__Exercise directions__: Without any pictures, restate the full set of records below exactly.
==== Data supplied
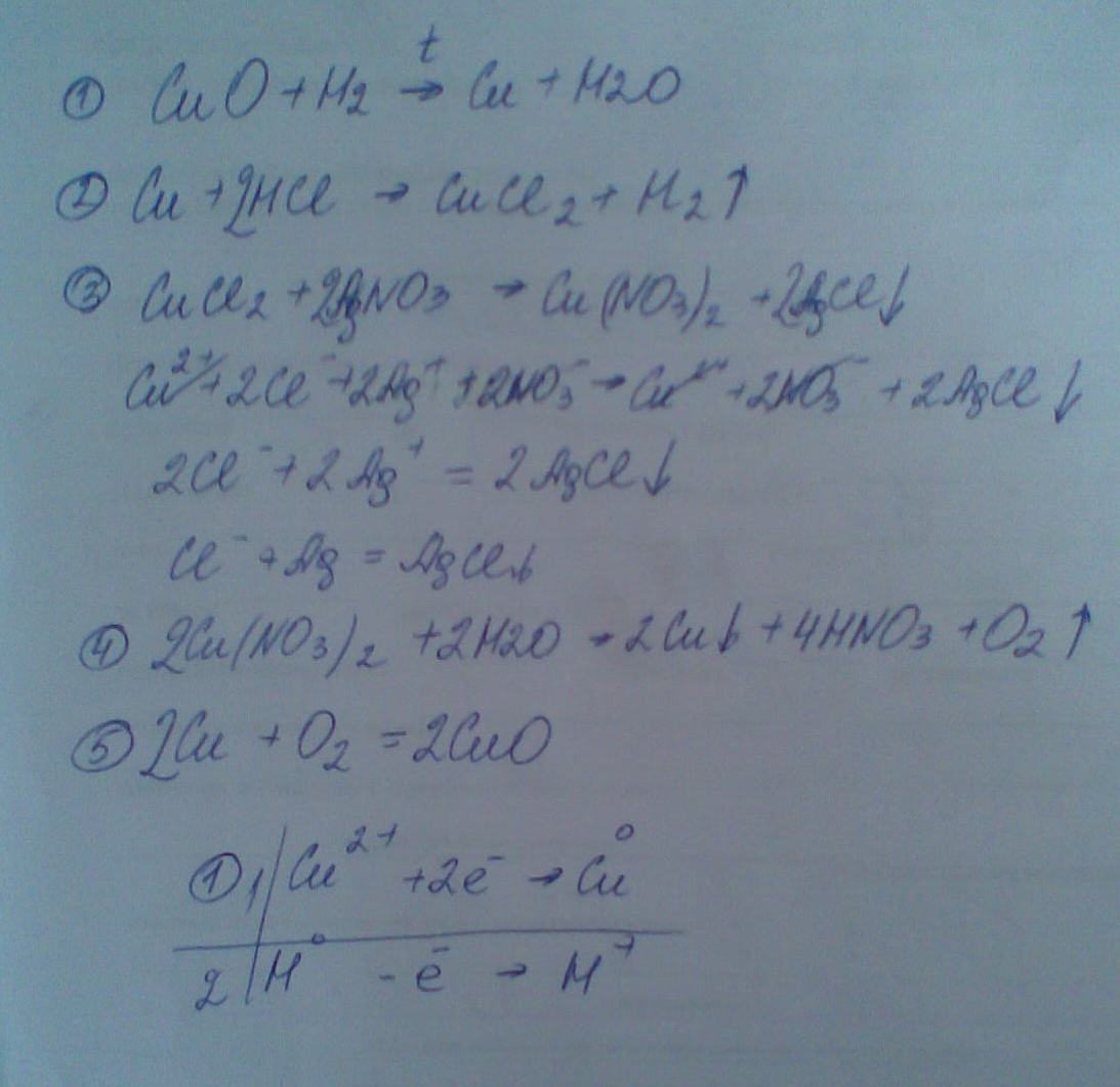 CuO->Cu->CuCl2->Cu(NO3)2->Cu->CuO
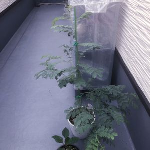 夏の朝水やり忘れて水切れで瀕死になったミモザ。持ち直して花芽まででてきた!大きい鉢に植え直したいけど季節じゃないかなー💦悩む。
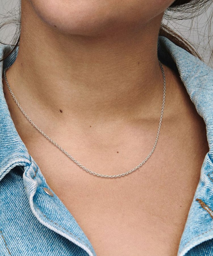 Crie um look unicamente seu, com esta corrente clássica como ponto de partida. O colar versátil é produzido em prata 925, um dos nossos três metais assinatura. É minuciosamente detalhado com uma etiqueta com o logótipo Pandora e um fecho mosquetão. Quer pretenda um estilo simples ou marcante, ou jogar com texturas e tamanhos, é uma forma fácil de actualizar o seu decote. Adicione a sua colecção de pendentes ou contas e ajuste-a para um de três comprimentos, para um tamanho perfeito.
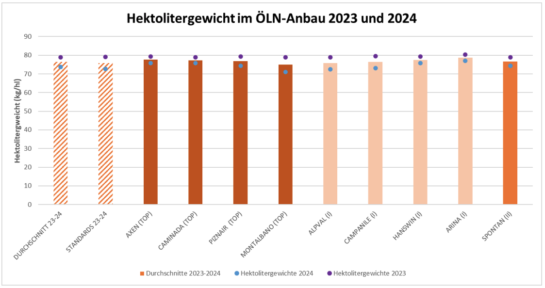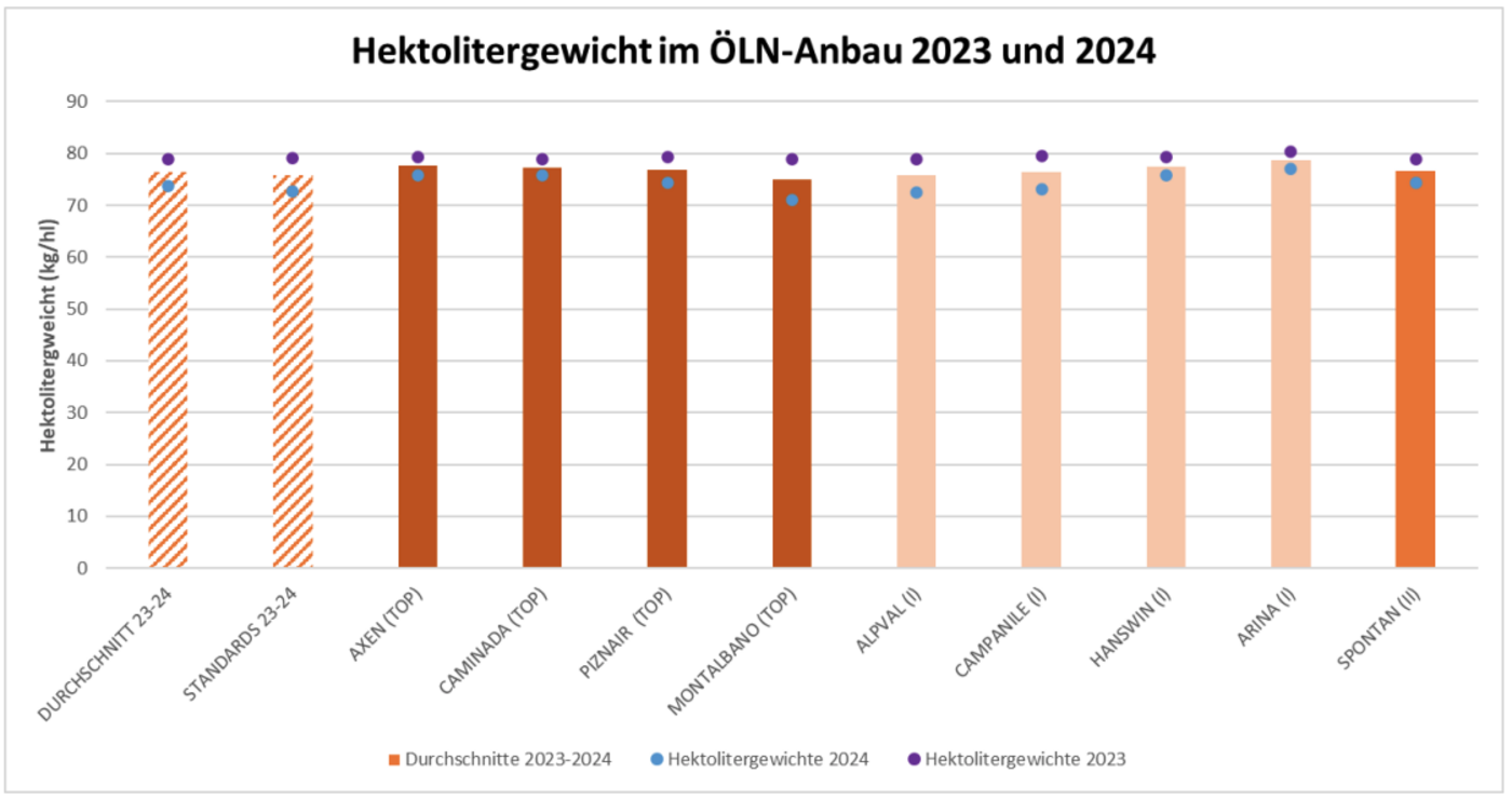 Insgesamt liegen die Erträge 2024 unter ÖLN- (60,1 dt/ha) und Extenso-Bedingungen (51,2 dt/ha) jedoch deutlich unter denen des Vorjahres. Beim Gewicht pro Hektoliter ist im Vergleich zum Vorjahr ein deutlicher Rückgang zu verzeichnen. Das durchschnittliche Gewicht pro Hektoliter beträgt im Jahr 2024 73,8 kg/hl (ÖLN) bzw. 73,2 kg/hl (Extenso). Im Vorjahr lagen die Werte bei 78,9 kg/hl (ÖLN) und 78,5 kg/hl (Extenso).
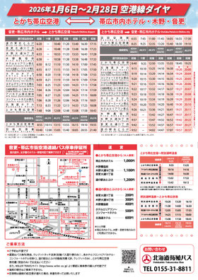 また、帯広空港出発便については、時刻表内掲載の接続航空便の遅延状況、空港到着口の荷物お受取り等の滞留状況を確認し、発車時間を調整(遅延)いたします。
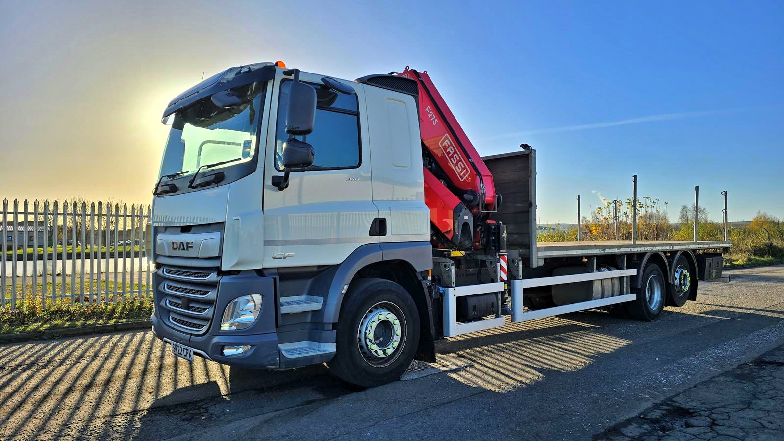 2022 DAF CF370 6x2 FASSI F275A.2.23 Front Mount Hook Crane Flatbed
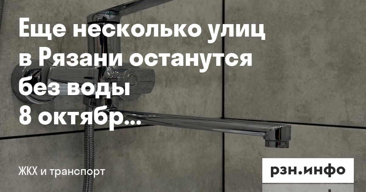 Еще несколько улиц в Рязани останутся без воды 8 октября. Об этом сообщила пресс-служба «Водоканала».
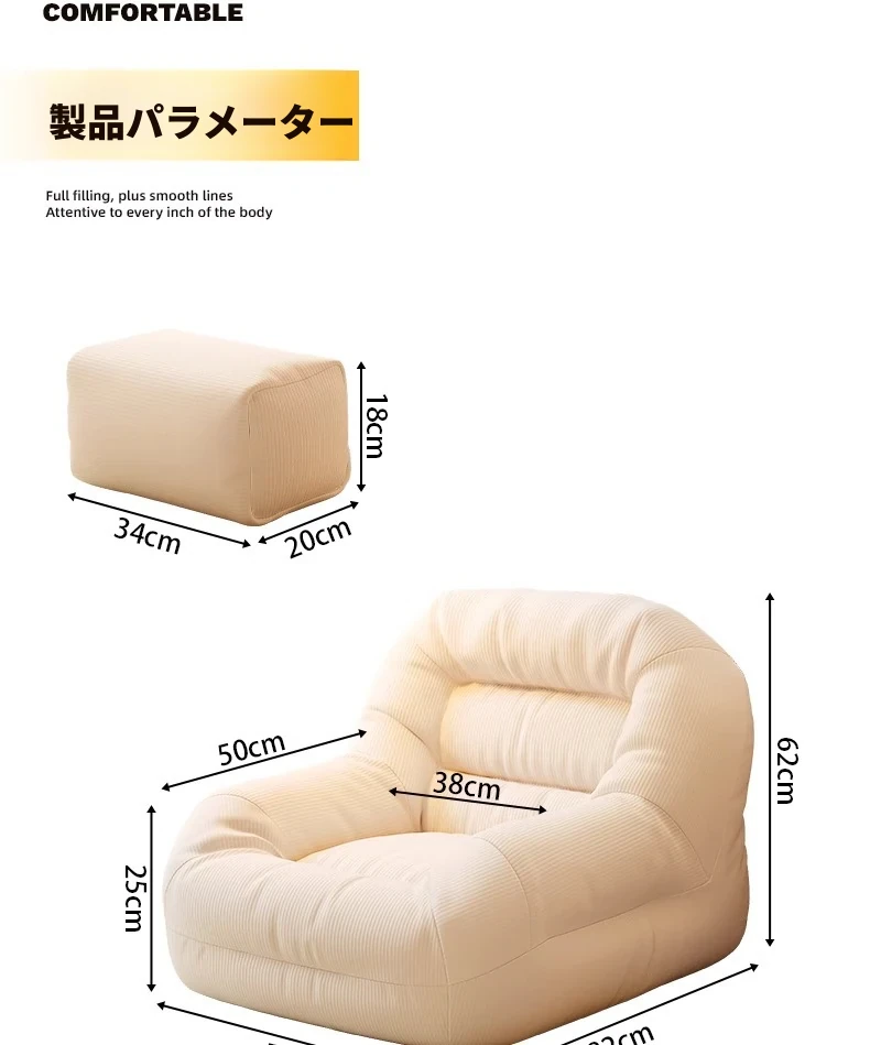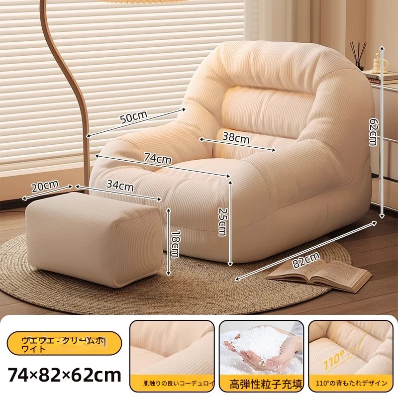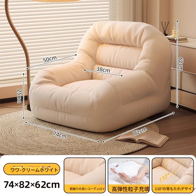 白色+脚踏【コーデュロイ】長時間座ってもへたらない
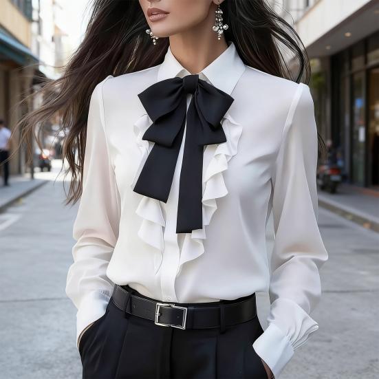 Accents Volants Romantiques: De délicates volants ornent le corps, cascadant depuis l'encolure, la patte de boutonnage ou les poignets.. Ces lignes douces et fluides ajoutent une touche de féminité et de romance à la chemise simple.. À chaque pas, les volants se balancent gracieusement, insufflant un air de superposition tridimensionnelle et d'allure féminine à votre tenue.
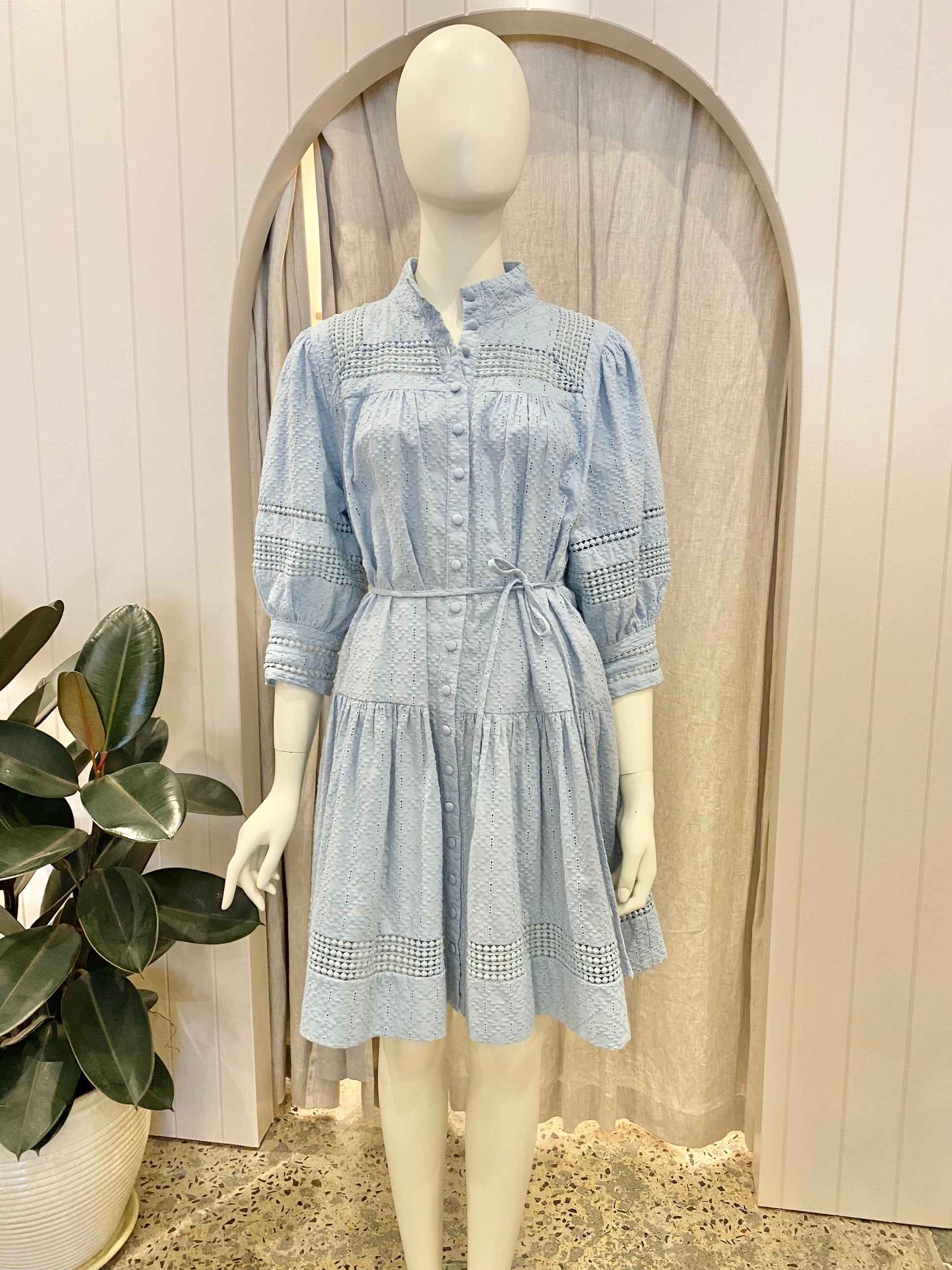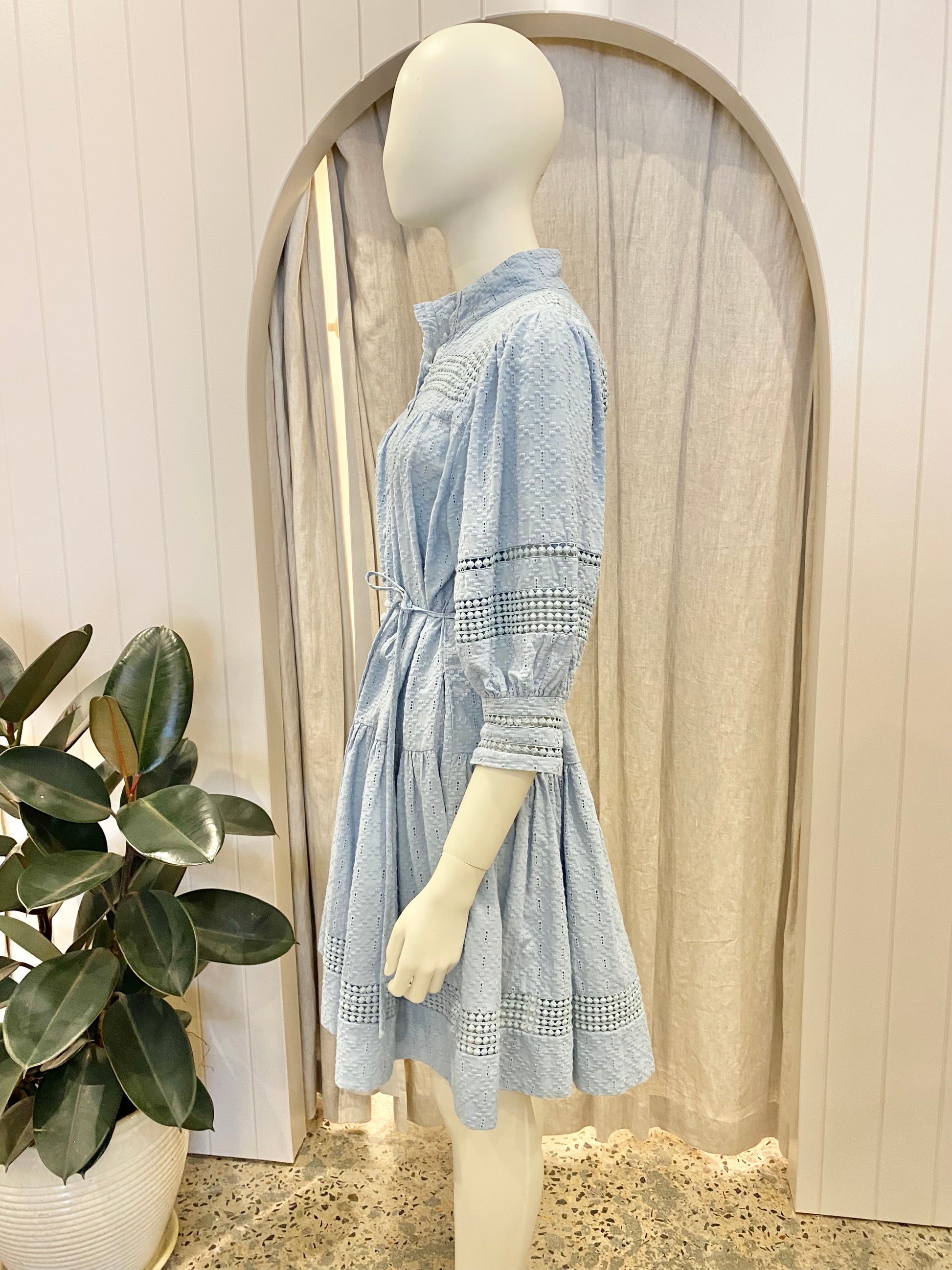 Description : light blue midi dress, 3/4 blouson sleeves, ladder lace detailing, front button-down closure, high neckline, small waist string
========
__Exercise output__:
 CuO->Cu->CuCl2->Cu(NO3)2->Cu->CuO
 夏の朝水やり忘れて水切れで瀕死になったミモザ。持ち直して花芽まででてきた!大きい鉢に植え直したいけど季節じゃないかなー💦悩む。
 Crie um look unicamente seu, com esta corrente clássica como ponto de partida. O colar versátil é produzido em prata 925, um dos nossos três metais assinatura. É minuciosamente detalhado com uma etiqueta com o logótipo Pandora e um fecho mosquetão. Quer pretenda um estilo simples ou marcante, ou jogar com texturas e tamanhos, é uma forma fácil de actualizar o seu decote. Adicione a sua colecção de pendentes ou contas e ajuste-a para um de três comprimentos, para um tamanho perfeito.
 Insgesamt liegen die Erträge 2024 unter ÖLN- (60,1 dt/ha) und Extenso-Bedingungen (51,2 dt/ha) jedoch deutlich unter denen des Vorjahres. Beim Gewicht pro Hektoliter ist im Vergleich zum Vorjahr ein deutlicher Rückgang zu verzeichnen. Das durchschnittliche Gewicht pro Hektoliter beträgt im Jahr 2024 73,8 kg/hl (ÖLN) bzw. 73,2 kg/hl (Extenso). Im Vorjahr lagen die Werte bei 78,9 kg/hl (ÖLN) und 78,5 kg/hl (Extenso).
 また、帯広空港出発便については、時刻表内掲載の接続航空便の遅延状況、空港到着口の荷物お受取り等の滞留状況を確認し、発車時間を調整(遅延)いたします。
 2022 DAF CF370 6x2 FASSI F275A.2.23 Front Mount Hook Crane Flatbed
 Еще несколько улиц в Рязани останутся без воды 8 октября. Об этом сообщила пресс-служба «Водоканала».
 白色+脚踏【コーデュロイ】長時間座ってもへたらない
 Accents Volants Romantiques: De délicates volants ornent le corps, cascadant depuis l'encolure, la patte de boutonnage ou les poignets.. Ces lignes douces et fluides ajoutent une touche de féminité et de romance à la chemise simple.. À chaque pas, les volants se balancent gracieusement, insufflant un air de superposition tridimensionnelle et d'allure féminine à votre tenue.
 Description : light blue midi dress, 3/4 blouson sleeves, ladder lace detailing, front button-down closure, high neckline, small waist string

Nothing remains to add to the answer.